Review by Ian Keogh
Dick Grayson is working undercover for an independent covert agency called Spyral. They have an agenda, he’s not sure what it is, and the conclusion to the previous We All Die at Dawn threw everything into the air. It’s fired a hole right through the certainty of Dick’s mission. Further complicating matters is a lack of contact from Batman, on whose behalf Dick infiltrated Spyral, and that someone is murdering Spyral’s agents, and these aren’t an infinite commodity. When you’re involved with organisation that specialises in misdirection, truth is well hidden. Another problem with that is when someone you instinctively don’t trust imparts some credible information, it may be worth paying attention.
Writers Tom King and Tim Seeley continue to recast Dick Grayson as James Bond, more so than ever in Nemesis as the locations and garb underline the comparison. It makes for a couple of opening chapters that prioritise action glamour at the expense of plot, but they lead into an excellent sequence of Dick having to confront himself. Yes, that’s a superhero comic standby, but it surely can’t have been carried off with as much panache as here. The core even withstands one of the hoariest of fiction clichés at its heart. It’s also a reminder of why Grayson frustrates as a series. It proceeds at a slightly better than average rate, yet every volume presents one or two chapters elevated above the general standard, and this is it for Nemesis.

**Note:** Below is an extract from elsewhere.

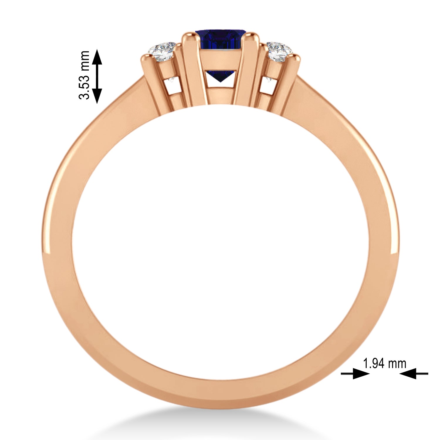 Emerald Blue Sapphire & Diamond Three-Stone Engagement Ring 14k Rose G

Not that the remainder can be discounted. Dick discovers the reason behind one of his problems, and needs to make the acquaintance of some old friends. They, of course, believe he’s dead.
To date Mikel Janín’s art has been an impressive combination of action dynamics and imaginative layouts, but no matter how good an artist is, there comes a time when familiarity trumps wonder. Janín seems well aware of this, and ensures that every now and then there’s a page that really takes the breath away. Look for Dick escaping a well known foe, for instance, or a spiral layout reflecting the series theme.
Alvaro Martinez illustrates what was the second Grayson annual, very well actually, but it’s a bitty piece with some nice scenes and a neat way out of a problem, but no real thread. A persistence in using the preposterous Mark of Cain thugs – the top trumps addicts of the villainy set – is puzzling, and the other villain used has always been characterless.
The next volume is A Ghost in the Tomb.